[Stored dataset items]
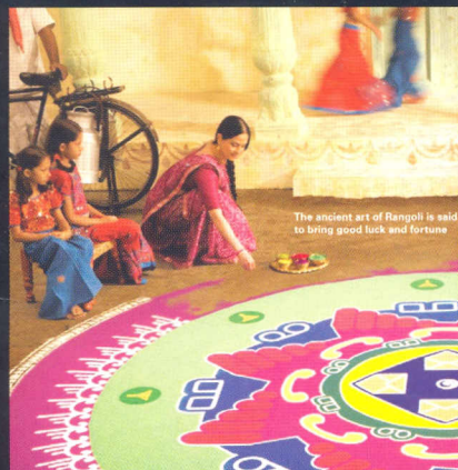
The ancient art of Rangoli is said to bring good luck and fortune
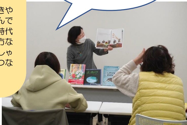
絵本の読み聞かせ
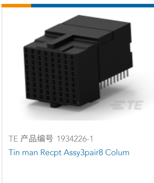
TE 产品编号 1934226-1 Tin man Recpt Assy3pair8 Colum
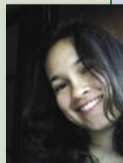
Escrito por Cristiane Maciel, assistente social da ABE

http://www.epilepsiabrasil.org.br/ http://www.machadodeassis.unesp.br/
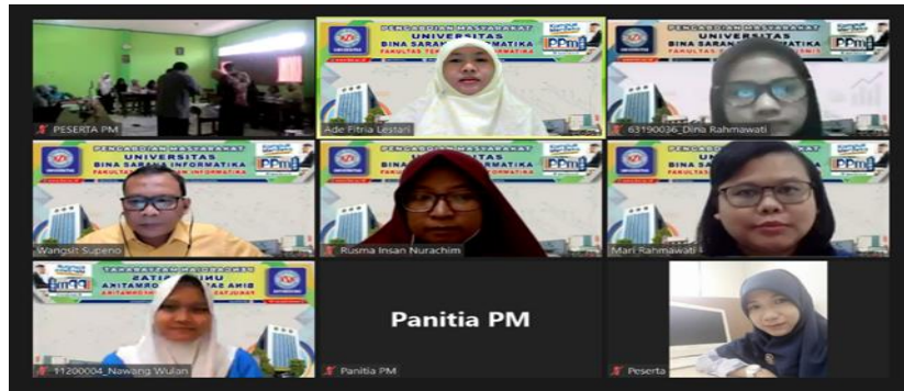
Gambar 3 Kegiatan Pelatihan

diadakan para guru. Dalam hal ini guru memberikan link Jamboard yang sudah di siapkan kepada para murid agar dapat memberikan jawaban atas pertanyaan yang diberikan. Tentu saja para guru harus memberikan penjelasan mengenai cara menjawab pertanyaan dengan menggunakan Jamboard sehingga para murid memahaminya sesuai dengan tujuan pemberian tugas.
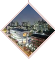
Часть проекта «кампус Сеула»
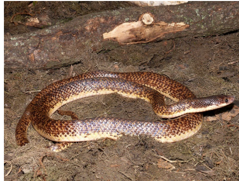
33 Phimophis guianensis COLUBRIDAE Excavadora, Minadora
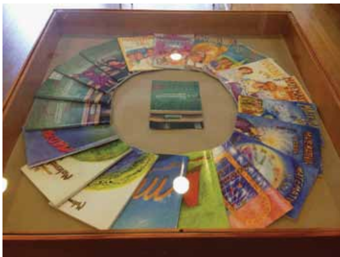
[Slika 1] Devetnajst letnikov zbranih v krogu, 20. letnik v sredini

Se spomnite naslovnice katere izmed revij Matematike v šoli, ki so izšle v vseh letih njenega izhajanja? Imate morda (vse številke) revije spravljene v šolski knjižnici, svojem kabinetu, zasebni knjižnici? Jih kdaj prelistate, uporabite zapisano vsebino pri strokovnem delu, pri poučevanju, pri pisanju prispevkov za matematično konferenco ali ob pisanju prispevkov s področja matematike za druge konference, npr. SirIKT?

**TASK GOAL**
Word for word, set down every line of the records above, and leave the pictures out.

**TASK RESPONSE**
The ancient art of Rangoli is said to bring good luck and fortune
絵本の読み聞かせ
TE 产品编号 1934226-1 Tin man Recpt Assy3pair8 Colum
Escrito por Cristiane Maciel, assistente social da ABE

http://www.epilepsiabrasil.org.br/ http://www.machadodeassis.unesp.br/
Gambar 3 Kegiatan Pelatihan

diadakan para guru. Dalam hal ini guru memberikan link Jamboard yang sudah di siapkan kepada para murid agar dapat memberikan jawaban atas pertanyaan yang diberikan. Tentu saja para guru harus memberikan penjelasan mengenai cara menjawab pertanyaan dengan menggunakan Jamboard sehingga para murid memahaminya sesuai dengan tujuan pemberian tugas.
Часть проекта «кампус Сеула»
33 Phimophis guianensis COLUBRIDAE Excavadora, Minadora
[Slika 1] Devetnajst letnikov zbranih v krogu, 20. letnik v sredini

Se spomnite naslovnice katere izmed revij Matematike v šoli, ki so izšle v vseh letih njenega izhajanja? Imate morda (vse številke) revije spravljene v šolski knjižnici, svojem kabinetu, zasebni knjižnici? Jih kdaj prelistate, uporabite zapisano vsebino pri strokovnem delu, pri poučevanju, pri pisanju prispevkov za matematično konferenco ali ob pisanju prispevkov s področja matematike za druge konference, npr. SirIKT?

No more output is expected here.